Sensing the mechanical state of the axoneme and integration of Ca2+ signaling by outer arm dynein

Abstract

Axonemal dyneins have been demonstrated to monitor the mechanical state of the axoneme and must also alter activity in response to various signaling pathways. The central pair/radial spoke systems are clearly involved in controlling inner dynein arm function; however, the mechanisms by which the outer dynein arm transduces regulatory signals appear quite distinct at the molecular level. In Chlamydomonas, these regulatory components include thioredoxins involved in response to redox changes, molecules that tether the gamma heavy-chain motor unit to the A-tubule of the outer doublet and a Ca(2+)-binding protein that controls the structure of the gamma heavy-chain N-terminal domain. Together, these studies now suggest that the gamma heavy chain acts as a key regulatory node for controlling outer arm function in response to alterations in curvature and ligand binding. Furthermore, they allow us to propose a testable molecular mechanism by which altered Ca(2+) levels might lead to a change in ciliary waveform by controlling whether one heavy chain of outer arm dynein acts as a microtubule translocase or as an ATP-dependent brake that limits the amount of interdoublet sliding.

Fig. 1. Interaction Map for Outer Arm Dynein

This diagram illustrates the interactions that are known to occur within outer arm dynein; only associations for which there is direct experimental evidence in Chlamydomonas are illustrated. The color code is: blue, A and B tubules; yellow, HCs; light green, Lis1/NudC; dark green, redox-sensitive LCs, docking complex component DC3 and unidentified soluble substrates; magenta, IC/LC complex, red, LC4 Ca²⁺-sensor; cyan, LC1; orange, docking complex and Oda5 proteins required for arm assembly; pink, Oda5-associated adenylate kinase. The Ca²⁺-sensitive association of LC4 with IC1 is shown in red. Although indicated by single circles, LCs 6, 8, 9 and 10 are actually homodimers. This figure was prepared using Cytoscape v.2.6.3 (http://www.cytoscape.org) (Shannon et al. 2003).

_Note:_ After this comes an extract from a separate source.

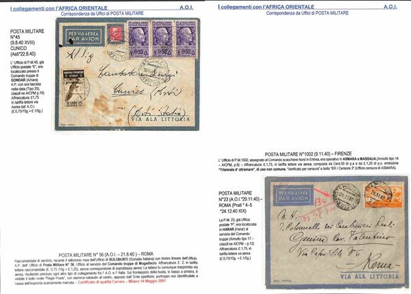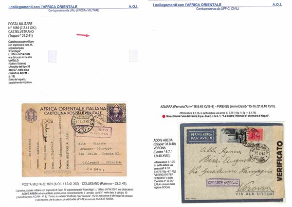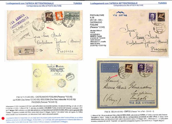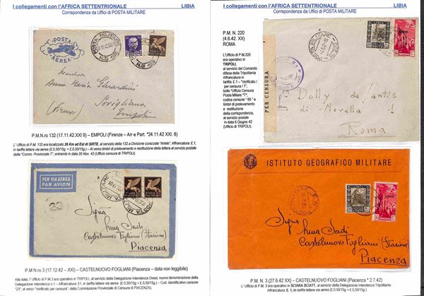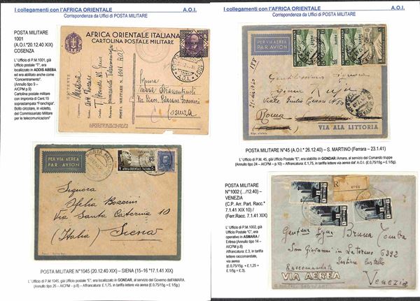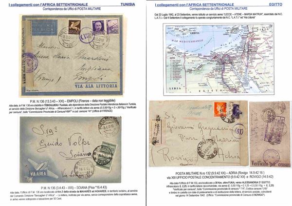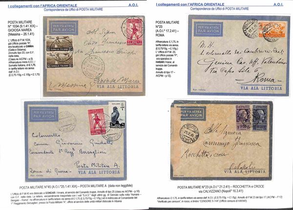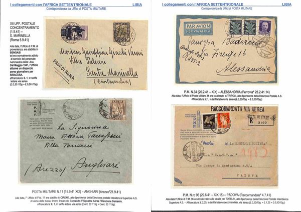 POSTA MILITARE - 1940/1943 - Collezione di 34 aerogrammi della linea S.A.S. da diversi uffici di Posta Militare dell'Africa Orientale principalmente AOI Tunisia Egitto e Libia - diverse buone presenze - montata su fogli A4 con didascalie

Fig. 2. Models for Mechano-sensing and Ca²⁺ Signaling by Outer Arm Dynein

This model depicts the γ HC of outer arm dynein and one possible scenario for its response to nucleotide hydrolysis under low and high Ca²⁺ conditions. The diagrams are oriented with the distal or + end of the microtubules to the left. The HC regions are color-coded as follows: blue, motor unit; red, linker, black, N-terminal domain; purple, microtubule-binding domain and coiled coil domain. The γ HC-associated LC1 and LC4 proteins and the ICs and docking complex (DC) are also illustrated; the view is from the outside of the axoneme looking inwards. In this version, we have assumed that both copies of LC1 are bound simultaneously to the A-tubule and act as a loose tether. Thus, during a cycle of ATP binding and hydrolysis, the γ HC motor unit moves with respect to the A-tubule. Note that the N-terminal domain alters its orientation during this process. In contrast, under high Ca²⁺ conditions, LC4 releases one site on the γ HC N-terminal region and instead binds IC1 leading to a triple-tethered state. We suggest that this third interaction with the A-tubule disallows motion of the N-terminal region and consequently inhibits this HC from acting as a motor. Indeed under these conditions, the γ HC may act as an ATP-dependent brake to inhibit sliding.